[ad_1]
METERPerhaps it was because most minds were focused on the results of the elections taking place in the United States. Or maybe it was that all the arguments had already been made when the prime minister gave his statement on the second national shutdown on Monday. Either way, the prime minister’s questions this week felt curiously unanswered. Rather as if Keir Starmer and Boris Johnson were following the motions, and both took it for granted that it would be another easy victory for the Labor leader.
Yet no politician has allowed repetition to stand in the way of what they are saying, regardless of whether they are right or wrong. So after inviting Johnson to agree that no candidate in the American election could declare which votes counted and which did not, like all good populists, Boris believes that you can have too much democracy, so as it was from wait, refused to answer. Starmer moved on to the issue of confinement.
Why had the government taken so long to make this particular U-turn? After all, it had been two weeks since the Prime Minister introduced a three-tier regional system. Boris screamed, howled, and tugged at his hair, aware that his more combed appearance on Monday had been seen as a sign of weakness, and proceeded to speak nonsense. He had been absolutely right to introduce regional locks and they had been working brilliantly until the moment when he suddenly realized they weren’t working after all and the infection rate was increasing across the country.
Maybe Starmer was just as confused as everyone else by that logic or just wasn’t in the mood to gloat. Winning an argument against Boris has become too easy. All he does is argue the opposite of what he says he will do and he will be shown right with an escalation of government in no time. So instead of making much of Johnson’s clear leadership failure and that the Conservatives were now embracing Labor policy, Starmer stuck to a few simple facts. If the government had implemented the two- to three-week “circuit breaker” lockout for half a period as Sage and he had recommended, there would have been fewer deaths and less damage to the economy. Simple. So what was the plan if the R-value wasn’t below 1 by December 2?
Here Boris fought a lot. While he could be sure that the blocking regulations that parliament would vote on that afternoon would end on December 2, he had no idea what would replace them had they been insufficient to reduce the infection rate. Even he seems to have given up on Typhoid Dido’s test-and-trace system being improved enough to bail him out, so all he could say was that he hoped the shutdown would work and it was political punctuation to suggest it wouldn’t work. . t.

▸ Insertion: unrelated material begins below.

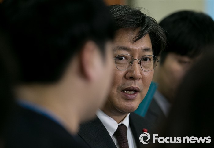 | △ 운영위 관련 취재진 질문 답하는 이춘석 |

Which was a bit rude, since it had been Starmer’s promise to vote for the government measures that would ensure that they became law. But Boris has never been noted for either his loyalty or his gratitude. He ended by incongruously saying that Keir should look more like Tony Blair, who had written an article in the Daily Mail on shutdowns, testing and tracing, and vaccines that could easily have been written by the current Labor leader. No wonder Starmer seemed surprised. He had spent most of the last week defending himself against the Labor left that he felt was already too much like Blair.
Seconds out, third round. Soon the two party leaders fought again over the debate on the new blocking measures. Unsurprisingly, both Johnson and Starmer seemed even less enthusiastic or combative than before. Boris spent most of his time trying to allay the concerns of libertarians in his own party who threatened to vote against him, rather than shoot Labor, while Starmer delivered his speech on autopilot. Everything had very little power.
Things got a little better when Theresa May was called when Johnson seemed to make a point of leaving the camera the moment she began to speak. There is little love lost between the two and May began by saying that she would not be able to vote with the government. She must have enjoyed that. Having been serially betrayed by Boris over the years, it was good to level things out, if only a little.
As is often the case, what was missing among the refuseniks of the confinement was an idea of why they might vote. How many Covid deaths a day were they willing to accept to protect the economy? What alternatives to circuit breakers did they suggest, given that infection rates in blocked regions almost invariably only seemed to increase? Still, not having the answers has always been the backbenchers’ main privilege.
Matt Hancock was left to close the debate for the government. He also lamented the need for the lockdown restrictions and vowed to rethink people’s right to play golf and tennis. He also hinted that the government might back down from community worship. Not bad, since prayer is all we seem to have left. With Labor backing, the motion passed easily with fewer than 40 Tory rebels. But few had any doubt that they would all be debating the same thing again in a month.